What is hyper pigmentation?

All skins contain pigment (colour); some just have a little more than others. But all of us want to have the same, even tone amount of colour in our face. Nobody likes dark spots, splotches or patches of skin, which is why science has long searched for the answers to what is one of the most difficult skin conditions to treat: hyper pigmentation.

If pigmentation is normal – basically the amount of the organic granule melanin contained in skin cells – then hyper pigmentation is an abnormal amount (too much) pigment in the skin. For various reasons, the skin or parts of it starts producing too much melanin, and you’re left with an uneven skin tone and dark spots on the face.

The result is hyper pigmentation: areas of skin with spots, splotches, freckles or patches that are darker the skin around it.

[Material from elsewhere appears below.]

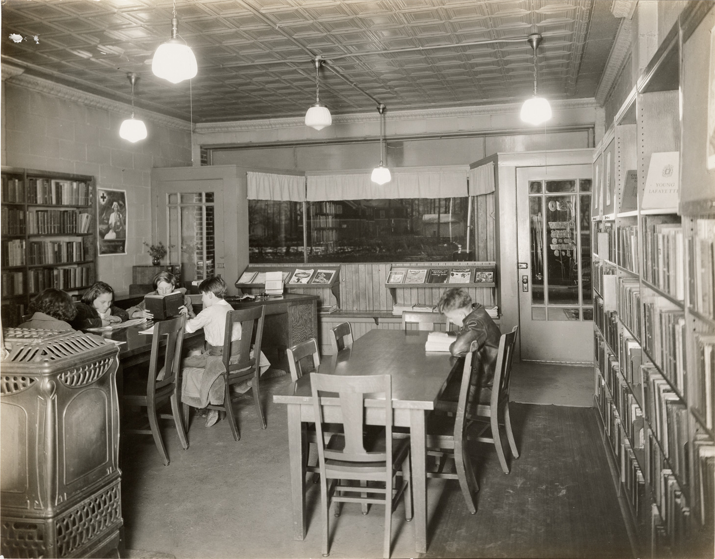 Children reading at tables, Allen Park Center, Wayne County Service, Detroit Public Library

We distinguish between 3 main types of hyper pigmentation :

  • Sun-induced hyper pigmentation

Please note that the sun not only causes this condition by itself, but it will also exacerbate any other or existing hyper pigmentation. Basically, rule one when starting treatment on any kind of hyper pigmentation is: avoid the sun and wear lots and lots of sunscreen – all the time.

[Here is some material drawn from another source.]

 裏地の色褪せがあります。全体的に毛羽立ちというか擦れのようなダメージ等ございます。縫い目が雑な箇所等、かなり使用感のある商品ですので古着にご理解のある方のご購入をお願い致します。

This is because the pigment in our skins, melanin, is actually a kind of natural built-in sunscreen. Melanin exists in skin to absorb UV rays, before they can do more serious damage like sunburn or irreparable DNA damage in skin. And the body’s natural response to sun exposure is to create more melanin to try and better protect itself.

But by doing so, the body often creates uneven amounts of melanin, and you’re left with dark spots on the face. Most types of hyper pigmentation you can think of, freckles, sun spots and age spots, are all caused by the sun.

See our article on sun protection for summer here.


  • Hormonal causes such as melasma (common during and after pregnancy)

This one is caused by hormone fluctuations, and almost 70% of pregnant women will experience it to some extent. But, while pregnancy is a big trigger for it, even birth control and the slightest change in oestrogen levels can cause melasma. Thyroid dysfunction is also a possible cause.

What happens is that melanocytes (the cells that produce melanin in the skin) are very sensitive to hormone levels in the body. If there’s a hormone imbalance, melanocytes tend to overproduce melanin. And the dark spots appear.

As mentioned before, the sun makes it worse. Your melasma could disappear with time, but overindulge just a little in the sun and it could come right back.


  • Post-inflammatory hyper pigmentation (to do with scarring and acne)

The only time “post-inflammatory hyper pigmentation” is funny, is when you convince your tipsy friend to try and say it fast several times at a party. PIH is discoloration of the skin after it’s been damaged: bad acne, burns, wounds that form scars, excessive skin irritation and some skin disorders. And it is most common or visible in darker skin types.

What happens here is that the injury causes inflammation, and many of the molecules the body naturally releases to the inflamed area have a tendency to “aggravate” melanocytes in the area. These start producing excess melanin and hyper pigmentation is the result. PIH in the top, epidermal layers of skin is sometimes less visible, but when the damage goes as deep as the dermis you could end up seeing a blue-grey skin discoloration.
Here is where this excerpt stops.